*Input data*
§ §

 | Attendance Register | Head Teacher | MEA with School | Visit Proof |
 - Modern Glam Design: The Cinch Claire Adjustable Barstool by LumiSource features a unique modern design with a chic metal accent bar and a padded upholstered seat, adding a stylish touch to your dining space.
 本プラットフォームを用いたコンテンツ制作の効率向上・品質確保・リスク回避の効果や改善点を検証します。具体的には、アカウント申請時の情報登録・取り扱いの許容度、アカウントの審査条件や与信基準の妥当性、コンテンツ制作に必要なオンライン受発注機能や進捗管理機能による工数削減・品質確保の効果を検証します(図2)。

§ §

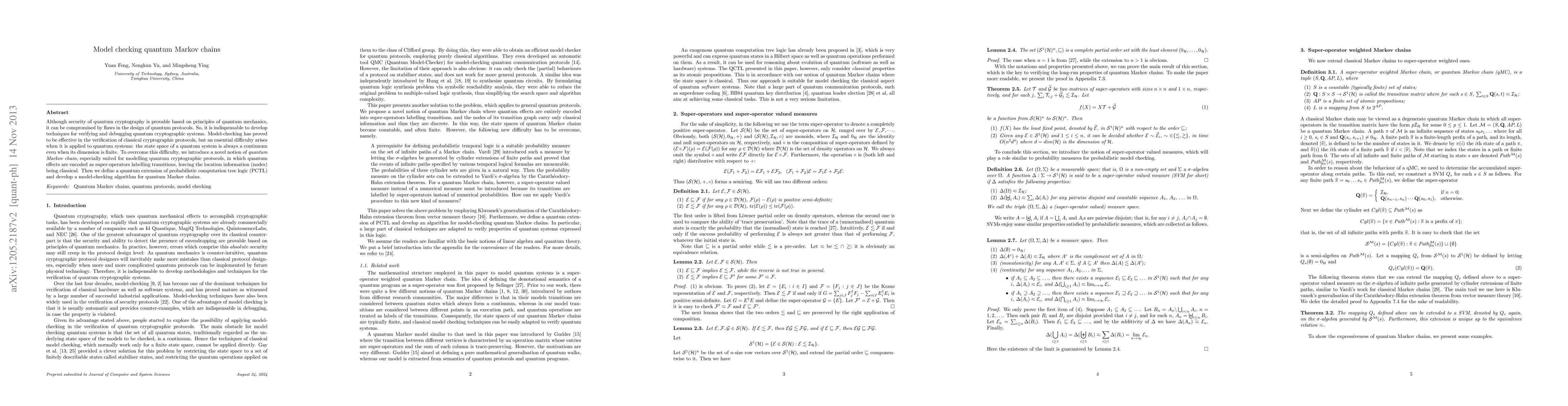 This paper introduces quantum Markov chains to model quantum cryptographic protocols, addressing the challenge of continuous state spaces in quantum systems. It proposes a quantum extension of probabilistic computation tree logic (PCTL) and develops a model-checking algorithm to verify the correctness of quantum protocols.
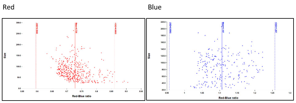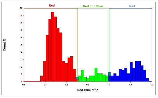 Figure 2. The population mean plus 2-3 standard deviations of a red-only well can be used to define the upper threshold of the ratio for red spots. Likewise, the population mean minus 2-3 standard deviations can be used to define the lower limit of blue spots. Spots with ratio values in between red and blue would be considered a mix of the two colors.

§ §

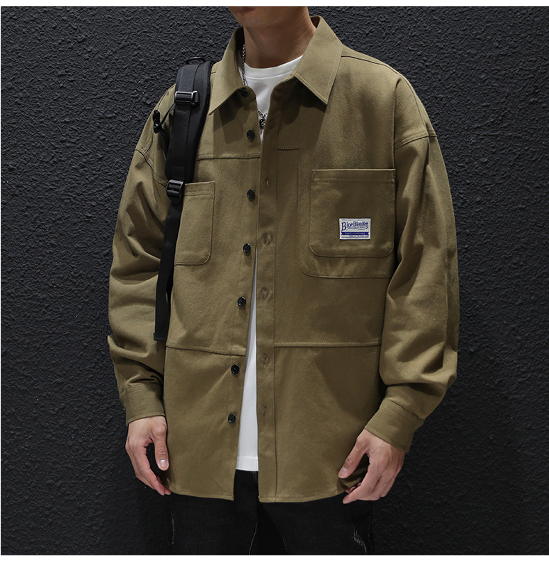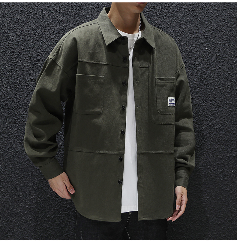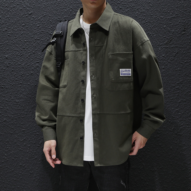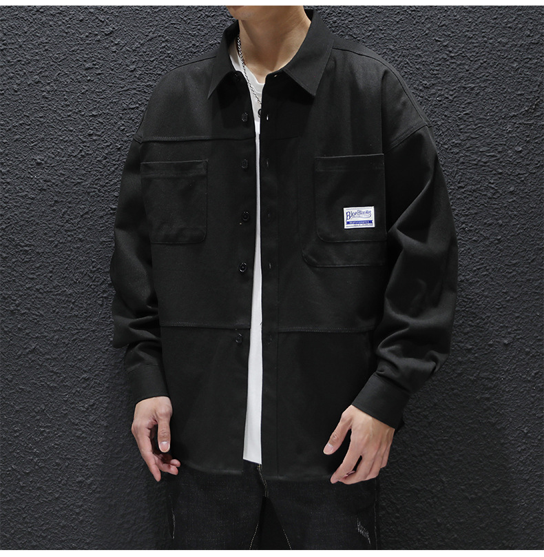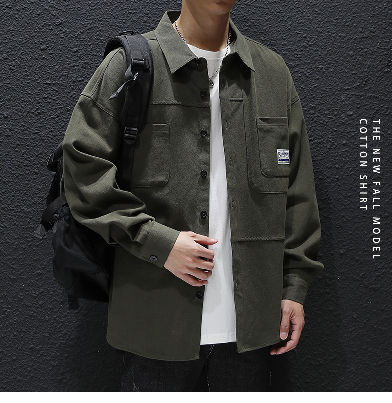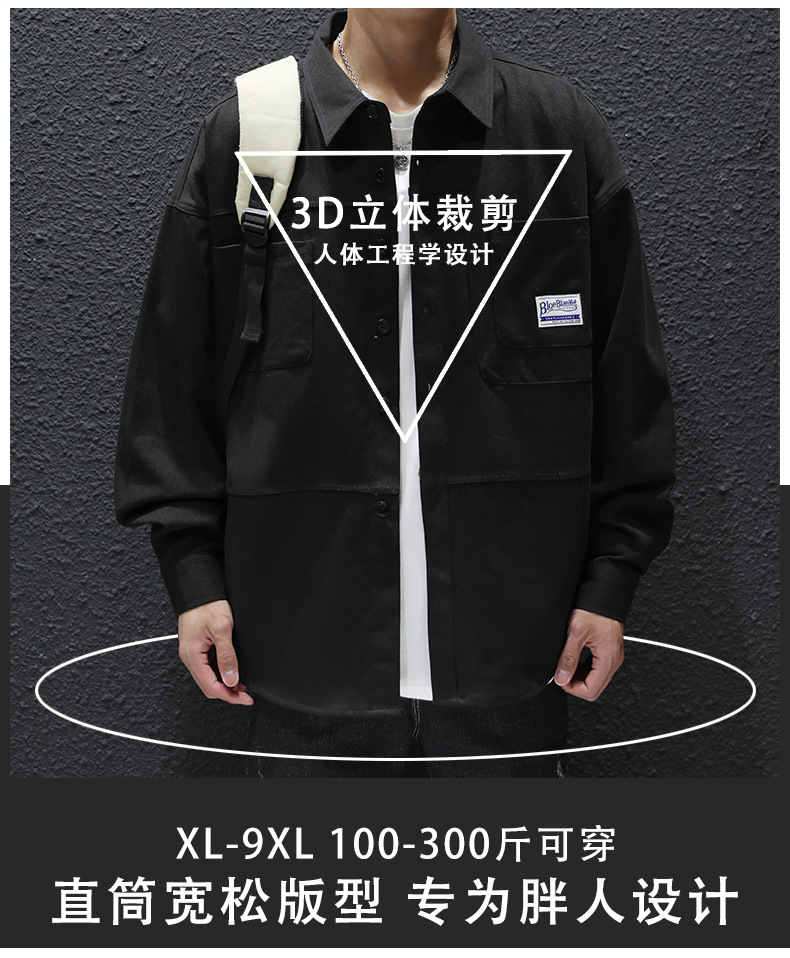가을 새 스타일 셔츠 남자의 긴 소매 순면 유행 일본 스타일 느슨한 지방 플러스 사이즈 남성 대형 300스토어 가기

§ §

*Exercise description*
What you return should be exactly the lines above, starting at the one with "Visit Proof |" and ending at the one with "本プラットフォームを用いたコ", and nothing else.

*Solved problem*
 | Attendance Register | Head Teacher | MEA with School | Visit Proof |
 - Modern Glam Design: The Cinch Claire Adjustable Barstool by LumiSource features a unique modern design with a chic metal accent bar and a padded upholstered seat, adding a stylish touch to your dining space.
 本プラットフォームを用いたコンテンツ制作の効率向上・品質確保・リスク回避の効果や改善点を検証します。具体的には、アカウント申請時の情報登録・取り扱いの許容度、アカウントの審査条件や与信基準の妥当性、コンテンツ制作に必要なオンライン受発注機能や進捗管理機能による工数削減・品質確保の効果を検証します(図2)。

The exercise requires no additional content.